Al completarse una semana de paralización involuntaria en Nicaragua, los transportistas de carga de varios países de Centroamérica expresan que están “aquí a lo que Dios quiera”.
Más de 7 mil camiones de carga están varados en diferentes puntos del país centroamericano, lo que conlleva más de 70 millones de dólares en mercancía y bienes.
José Infante, transportista panameño, señaló que la situación es igual que el primer día, nadie se mueve del punto donde han quedado. Los panameños se encuentran en el área de Jinotepe.
Esperan que los grupos que protestan en contra del gobierno del presidente Daniel Ortega permitan, de un momento a otro, abrir la vía Interamericana y poder llegar a sus diferentes destinos.
Los camioneros han enfatizado que las provisiones escasean y no pueden alejarse de los camiones por miedo a que sean saqueados.
Este viernes 8 de junio se conocieron mensajes en los que se afirma que quemarían los camiones si insisten en la apertura de la vía Interamericana en el territorio nicaragüense.
Además, una persona, que no se identificó y que protagoniza un video que circula entre los camioneros, pidió a los dueños de las empresas que utilizan dicho transporte no continuar despachando sus mercaderías por el territorio nicaragüense.
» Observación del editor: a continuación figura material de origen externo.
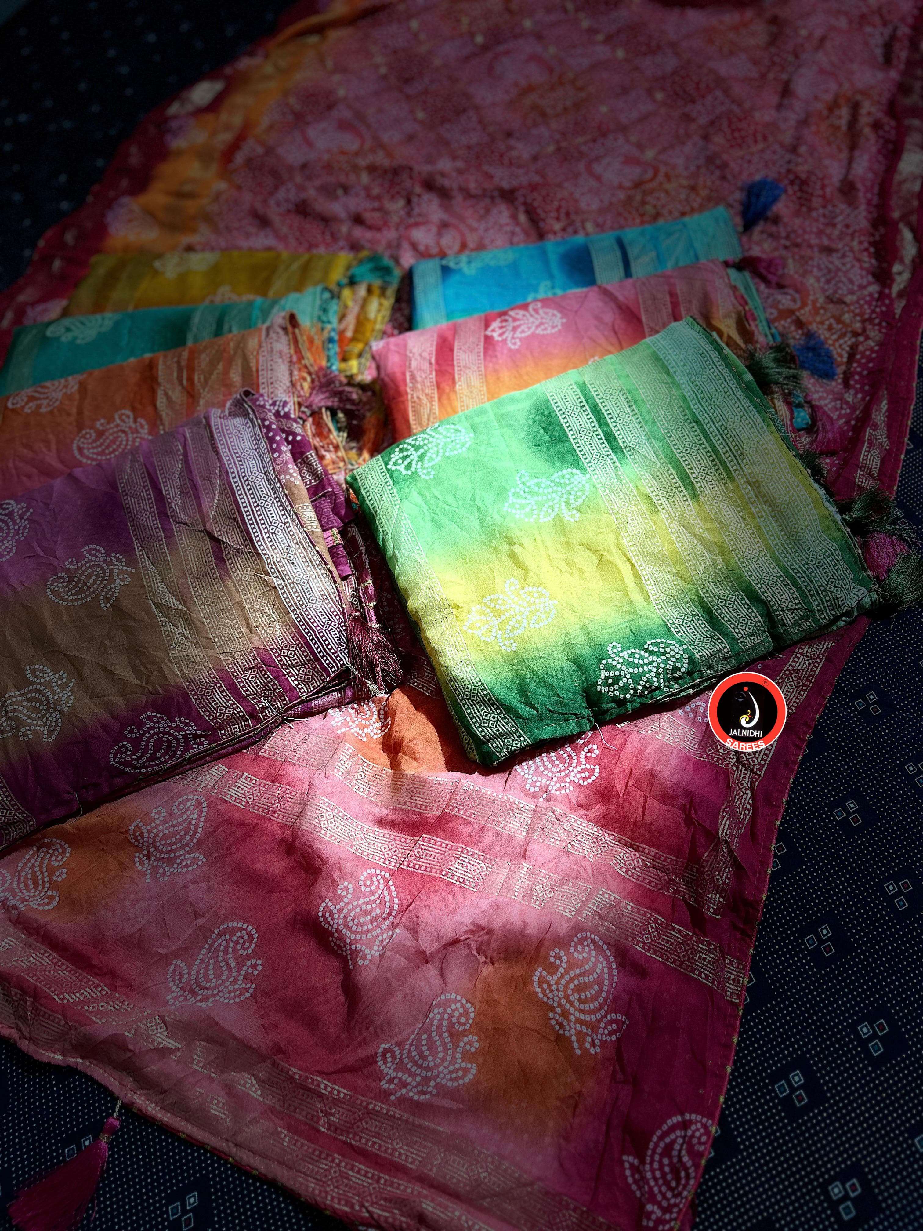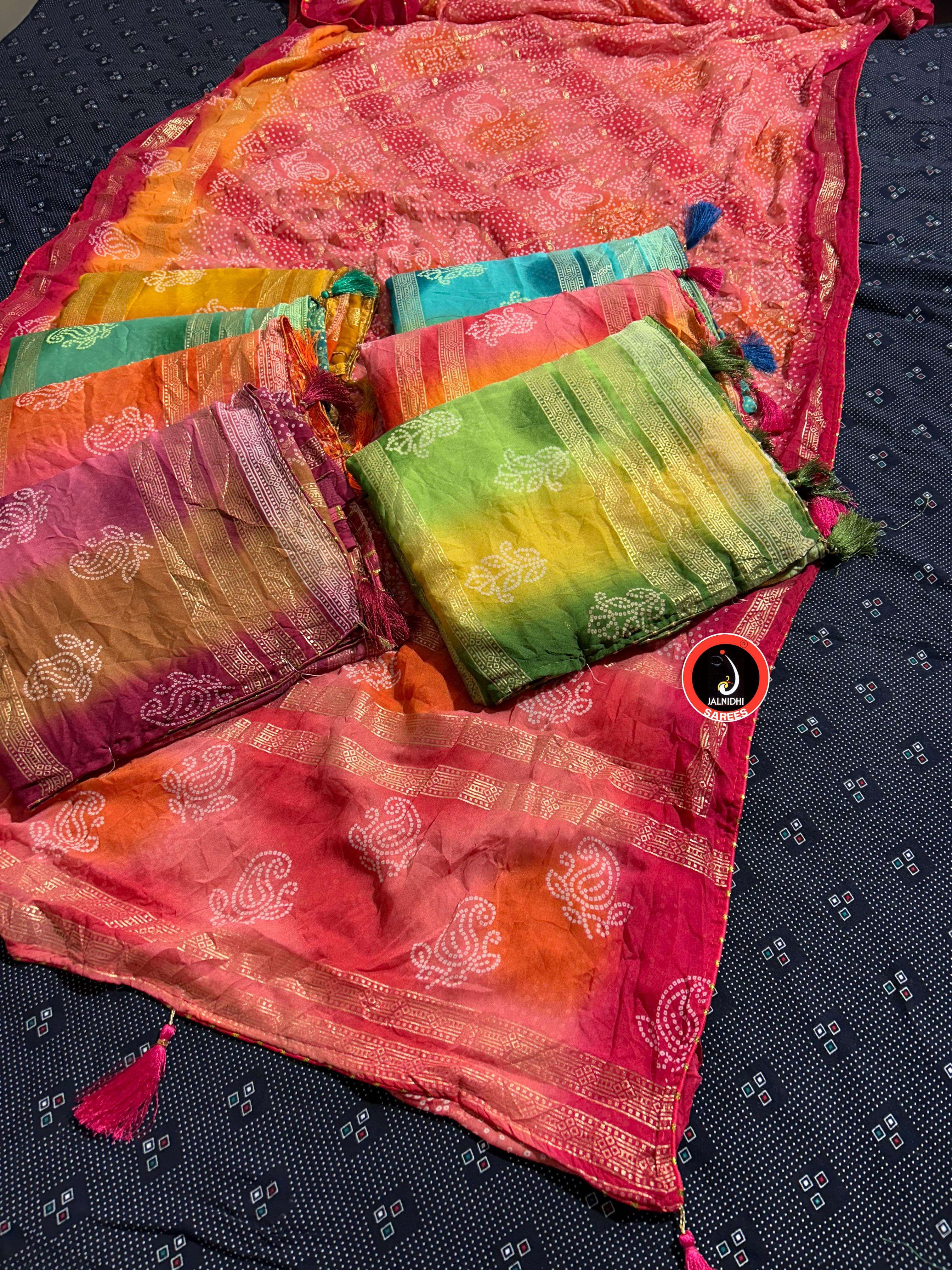 *NEW FANCY COLOUR BANDHANI CATALOUGE WITH MILL FOIL & PALLU TASSELS*
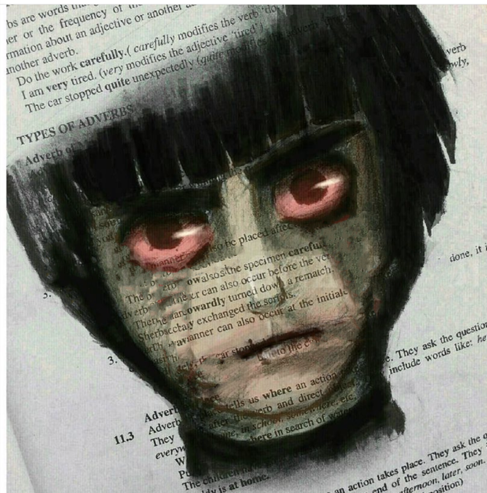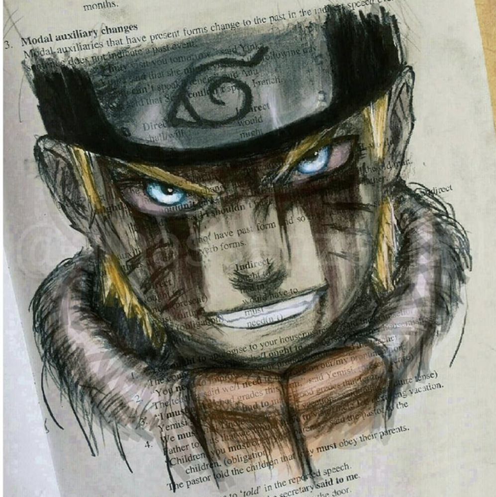 如果老师不过来看一看这位同学的课本,完全会觉得他是在上课认真听讲做笔记呢。其实他是在用彩铅画自己喜欢的动漫人物呢。

En declaraciones al diario La Prensa dijeron que han tenido que cocinar en la parte interior de los camiones y que tienen temor porque las provisiones se les terminen.
El grupo de panameños, por su lado, intentó comunicarse con la embajada de Panamá en la ciudad de Managua, pero no han recibido respuesta.
Los conductores consideran que no han recibido respuesta porque es una situación delicada e interna de Nicaragua.